New EU rules designed to improve medical information available to patients will fail unless levels of health literacy are improved across Europe, MEPs and health campaigners warn.
The European Parliament will vote on a draft report by Swedish MEP Christofer Fjellner later this year which will highlight the importance of providing information in a consumer-friendly format.
Fjellner is keen to reaffirm Europe's opposition to advertising prescription medicines and may allow member states to decide how best to provide quality information to the public.
In Sweden an industry-run service known as FASS is seen as an authoritative source of user-friendly information. However, other countries may prefer to ask medicine regulators to provide this kind of service.
Patients unable to handle medical information
At a debate on health literacy yesterday (23 June) hosted in the European Parliament with the support of MSD, health groups said the issue should be given prominence in the new directive and factored into all European health legislation.
The challenge of raising health literacy is currently being measured in an EU-funded survey, which is due to report initial results in October. Previous research undertaken at national level suggests that as few as one in five people fully understand all the information they receive from healthcare professionals.
Of those who do not understand what they are told, just 43% say they would ask for clarification if details are unclear. This, say campaigners, leads patients to take the wrong doses of medicines and undermines citizens' ability to make informed decisions about their health.
While low levels of adult literacy can be a barrier to grasping vital details about medicines, poor standards of numeracy can also cause problems, especially when it comes to understanding risks.

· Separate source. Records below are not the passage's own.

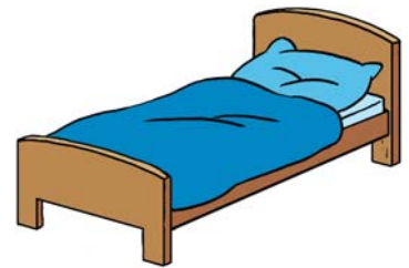
Voor het slapen
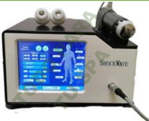
ONDAS DE SHOCK.
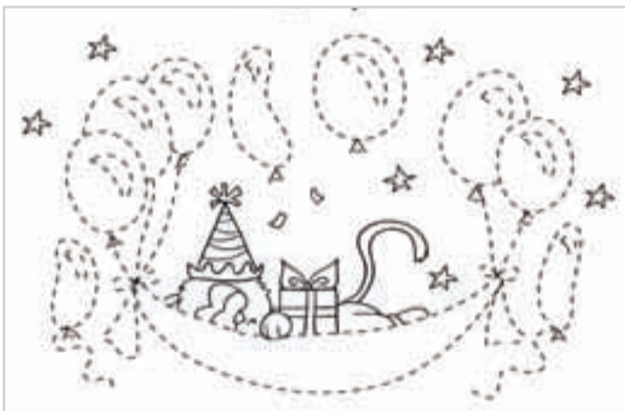
Обведи шарики и раскрась картинку
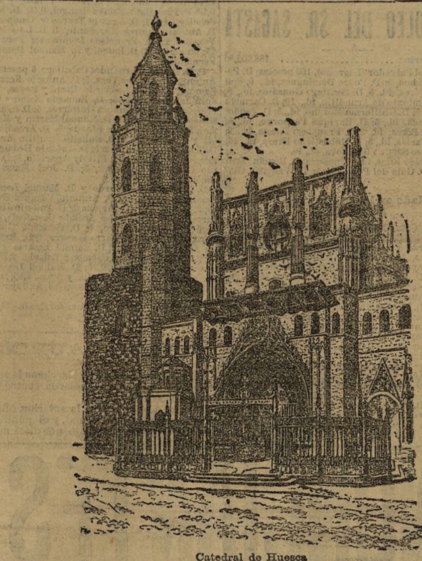
Catedral de Huesca

Cuando se lo devolvían, lamentando el porqué, Don Alfonso contestó alegremente:
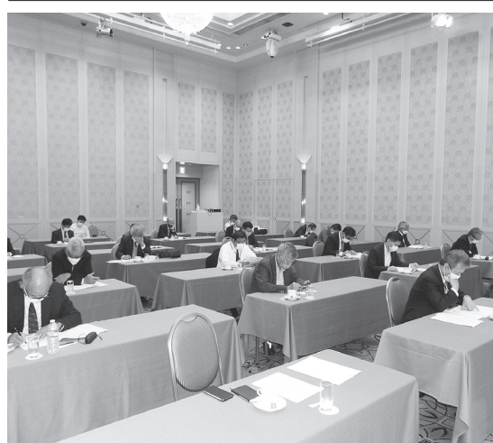
コロナ感染対策を講じて総会を開催

【業務報酬基準(国土交通省告示第98号・第670号)の普及徹底要運動の実施 【教育・情報委員会】 ▽会員向け情報提供 ▽建築士事務所のデータベースの構築 【広報・渉外委員会】 ▽会報誌「やまと」 ▽会名簿及び「入会案内」等の編集発行 ▽会内等の編集発行、会員及び関係先への配布 ▽建築設計監理業務の進歩改善と建築士事務所との健全な発展を図るための関係機関への要望、陳情の実施
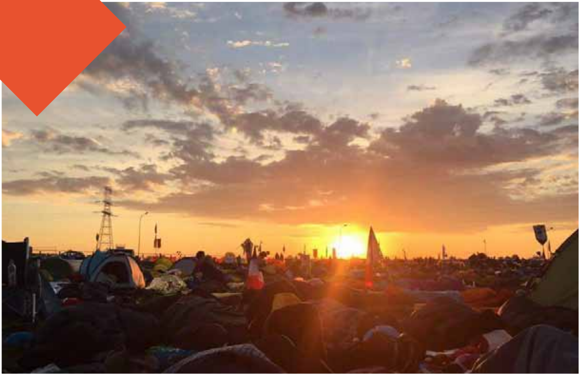
Zonsopgang WereldJongerenDagen in Krakau
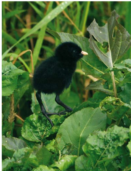
152 Kleinst Waterhoen / Baillon's Crake Porzana pusilla , kuiken, Groene Jonker, Zevenhoven, Zuid-Holland, 19 juli 2009 (Jan den Hertog)

paring en het feit dat de ene vogel veelvuldig riep en de andere niet.
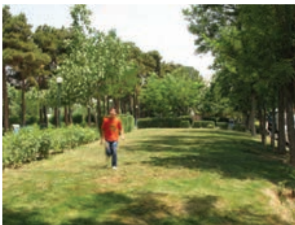
تصویر ۱۳-۵- حرکت عمود بر دوربین
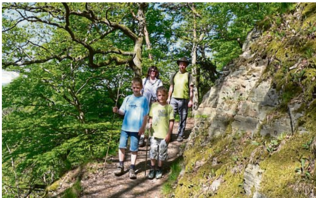
Urlaub für die ganze Familie: Die Ferienregion Diemelsee lockt immer mehr Gäste an, wie die Statistik zeigt.

Im Schnitt blieben die Gäste im vorigen Jahr 3,6 Tage in Diemelsee - das sei ein „sehr hoher“ Wert, betonte Becker. Im gesamten Kreis waren es 3,9 Tage - dabei seien allerdings die Bad Wildunger Kur-
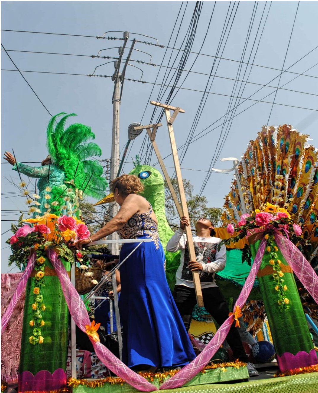
Foto 04. "El carnaval diseña un espacio social y físico diferente enfrentándose a la vida urbana en relación a conductas y objetos". (Santos D, Santiago Zapotitlán, 2018)
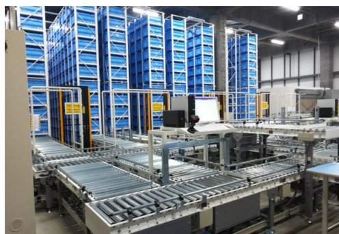
パケットスタッカークレーン（自動倉庫）
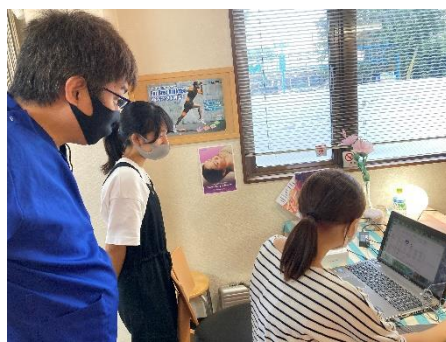
測定データはパソコンに送られます
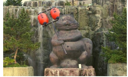
▲市民から親しまれる「金長だめき」の銅像
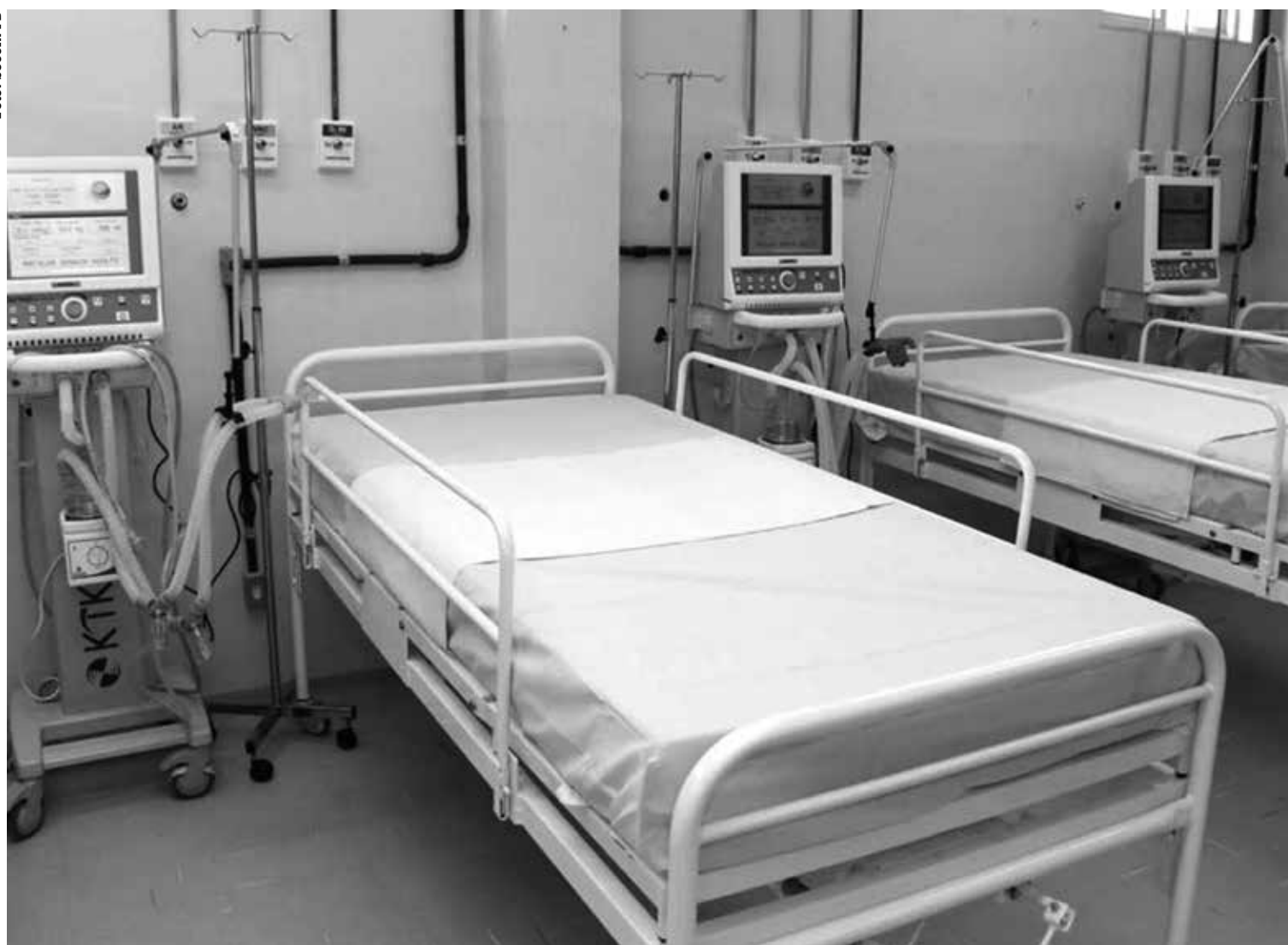
HC havia zerado, em dezembro, a ocupação de leitos para pacientes com Covid-19, mas reativou leitos para atender o aumento da demanda

“Nos últimos dias, nós temos visto um aumento considerável na taxa de ocupação e também no número de regulações para o HC, sendo a grande maioria dos pacientes idosos.
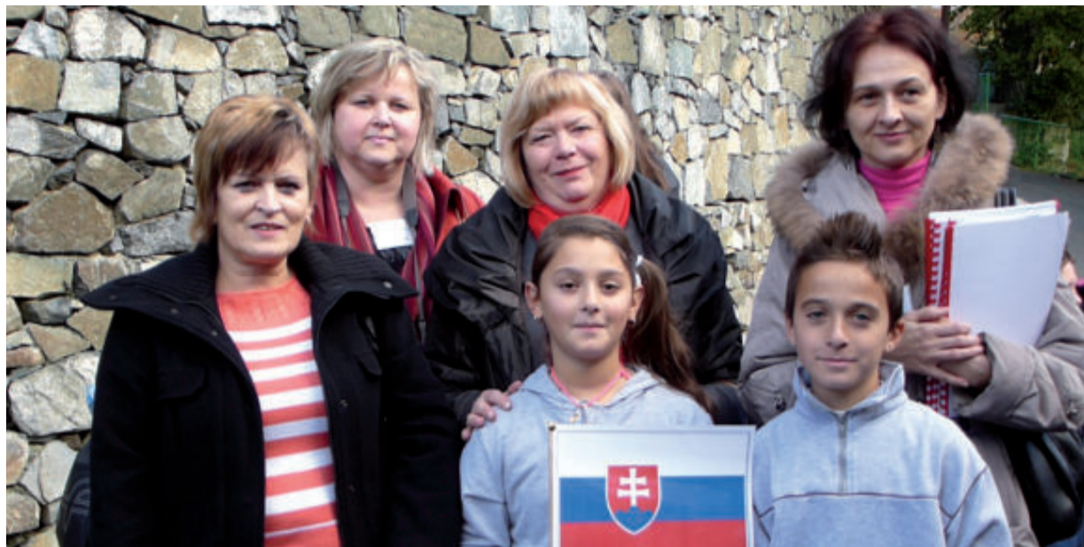
Aj z tohto záberu čítajúca a prameniaca spokojnosť učiteliek, ale i žiakov prezrádzajú, že Základná škola Československej armády v Prešove je veľmi vďačná a spokojná so svojou spolupracou na úseku realizácie kvalitných projektov s blízkym i vzdialenejším zahraničím z partnerských škôl.
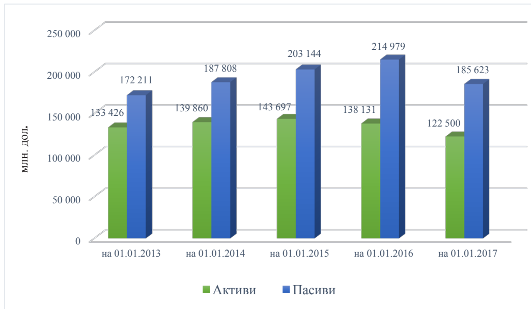
Рис. 3. Динаміка міжнародної інвестиційної позиції України
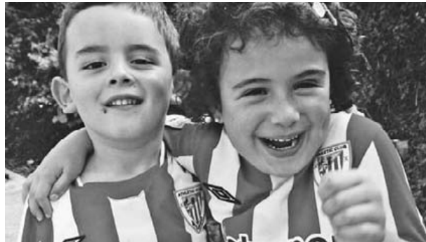
Pasa den urtarrilaren 12an, gure printzesita Leirek 5 urte egin zituen, eta datorren 23an bere lehengusu Gorkak ere urteak betekotu ditu. Zorionak etxeko guztien partez, eta horrela jarraitu!

Literacy problem exacerbating health inequalities
Patient groups say raising health literacy will help empower patients and iron out inequalities across the EU – adult literacy rates tend to be higher in northern Europe than in southern and eastern states.
This has become a particularly pressing problem given the rise in chronic conditions such as diabetes, where patients are often expected to manage their own diseases.
There are also calls to have the definition of health literacy broadened to include food and other non-prescription health products. Campaigners want the scope of the Information to Patients Directive widened beyond its current focus on the heavily-regulated medicines sector.
While tackling literacy rates in schools and through adult education courses is part of the solution, health professionals are also coming under pressure to improve communication skills.
Academics and patient lobbies say medical schools must devote more time to doctor-patient communication rather than speaking in technical jargon. Providing patients with written material to take home from medical consultations has also been proposed as a means of helping people digest complex information.
The first European Health Literacy Survey is currently underway and will be completed in eight countries by September. Initial results are expected at the Gastein Health Forum in October, with a final report due next year.